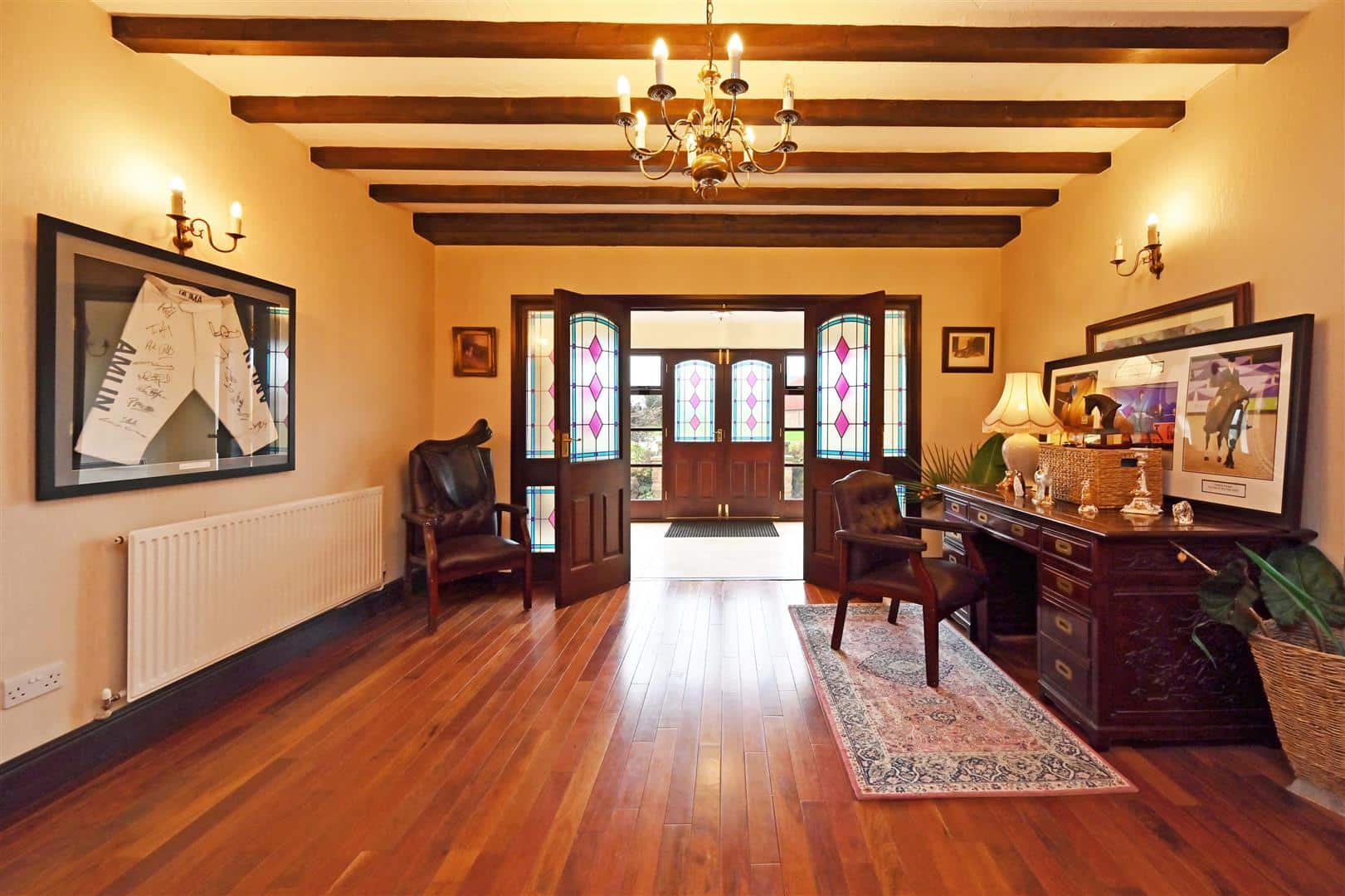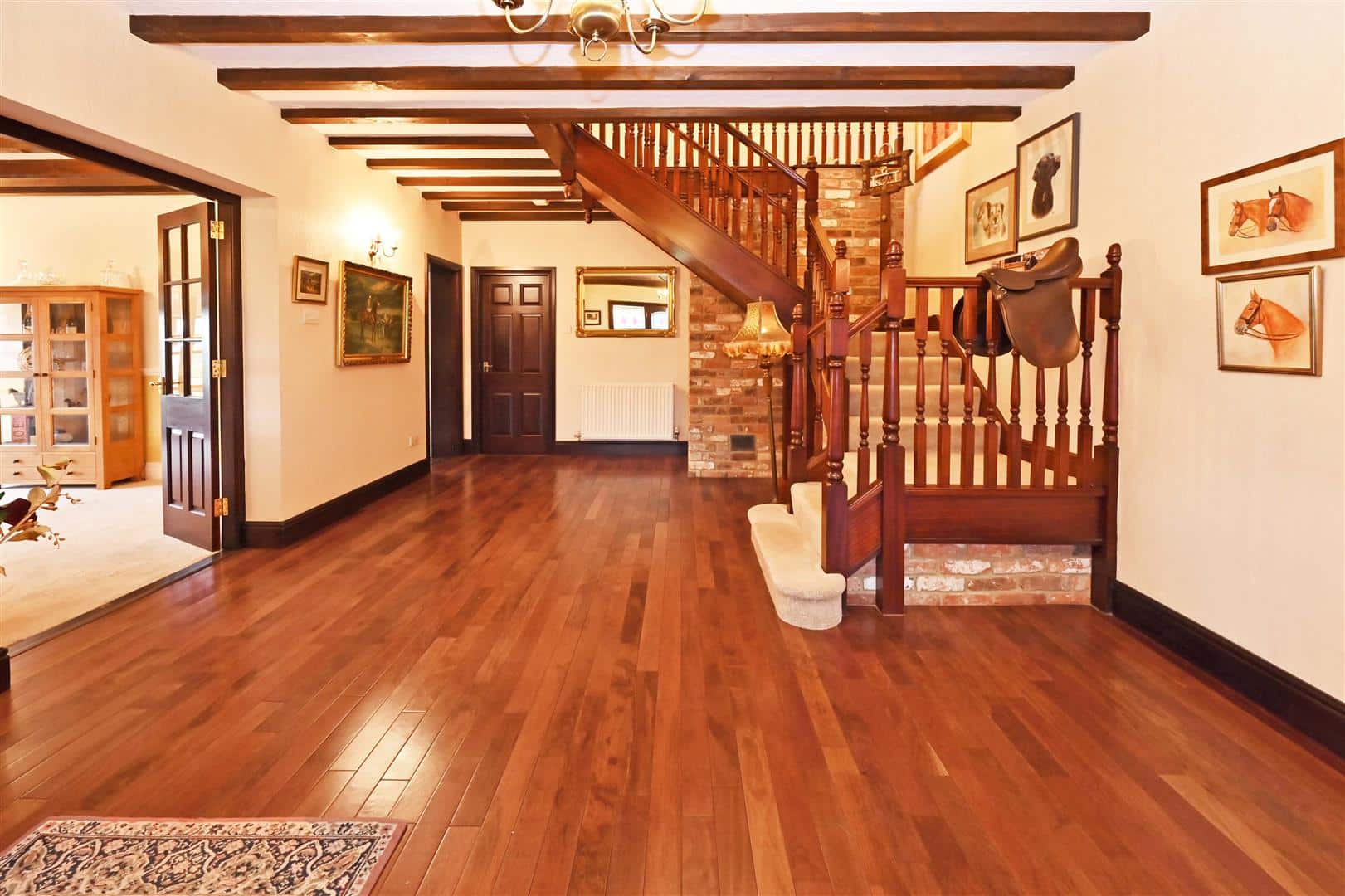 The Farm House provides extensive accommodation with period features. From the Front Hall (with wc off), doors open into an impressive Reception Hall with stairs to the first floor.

########################################

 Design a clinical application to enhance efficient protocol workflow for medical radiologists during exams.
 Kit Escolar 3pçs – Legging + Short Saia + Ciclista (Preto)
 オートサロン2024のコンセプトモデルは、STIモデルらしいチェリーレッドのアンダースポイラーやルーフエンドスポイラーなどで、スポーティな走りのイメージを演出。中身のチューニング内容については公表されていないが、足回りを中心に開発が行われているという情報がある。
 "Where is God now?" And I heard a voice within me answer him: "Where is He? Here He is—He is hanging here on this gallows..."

########################################

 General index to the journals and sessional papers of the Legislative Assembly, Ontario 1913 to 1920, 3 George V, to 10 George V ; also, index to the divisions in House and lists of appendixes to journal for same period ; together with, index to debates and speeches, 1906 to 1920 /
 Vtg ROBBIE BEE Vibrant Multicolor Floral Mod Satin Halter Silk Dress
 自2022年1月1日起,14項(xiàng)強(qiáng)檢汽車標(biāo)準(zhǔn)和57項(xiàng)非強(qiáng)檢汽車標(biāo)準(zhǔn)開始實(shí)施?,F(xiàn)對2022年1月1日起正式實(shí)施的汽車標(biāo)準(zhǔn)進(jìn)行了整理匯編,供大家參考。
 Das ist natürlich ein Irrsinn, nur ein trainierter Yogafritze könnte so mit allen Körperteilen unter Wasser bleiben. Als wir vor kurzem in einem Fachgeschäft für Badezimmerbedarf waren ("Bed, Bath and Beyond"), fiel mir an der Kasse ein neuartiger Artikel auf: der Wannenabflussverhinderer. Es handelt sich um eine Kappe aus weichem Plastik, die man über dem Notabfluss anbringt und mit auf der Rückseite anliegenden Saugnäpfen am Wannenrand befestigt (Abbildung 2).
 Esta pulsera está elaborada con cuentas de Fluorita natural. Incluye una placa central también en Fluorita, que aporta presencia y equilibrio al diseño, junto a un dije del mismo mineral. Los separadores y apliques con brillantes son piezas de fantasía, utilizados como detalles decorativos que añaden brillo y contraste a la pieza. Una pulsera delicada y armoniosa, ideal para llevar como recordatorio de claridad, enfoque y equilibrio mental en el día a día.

########################################

▸ INSTRUCTIONS FOR THE TASK: Working from the material above, restate word for word the lines between the line with "Vtg ROBBIE BEE" and the line with "Das ist natürlich", both included, and only those.

▸ YOUR SOLUTION:
 Vtg ROBBIE BEE Vibrant Multicolor Floral Mod Satin Halter Silk Dress
 自2022年1月1日起,14項(xiàng)強(qiáng)檢汽車標(biāo)準(zhǔn)和57項(xiàng)非強(qiáng)檢汽車標(biāo)準(zhǔn)開始實(shí)施?,F(xiàn)對2022年1月1日起正式實(shí)施的汽車標(biāo)準(zhǔn)進(jìn)行了整理匯編,供大家參考。
 Das ist natürlich ein Irrsinn, nur ein trainierter Yogafritze könnte so mit allen Körperteilen unter Wasser bleiben. Als wir vor kurzem in einem Fachgeschäft für Badezimmerbedarf waren ("Bed, Bath and Beyond"), fiel mir an der Kasse ein neuartiger Artikel auf: der Wannenabflussverhinderer. Es handelt sich um eine Kappe aus weichem Plastik, die man über dem Notabfluss anbringt und mit auf der Rückseite anliegenden Saugnäpfen am Wannenrand befestigt (Abbildung 2).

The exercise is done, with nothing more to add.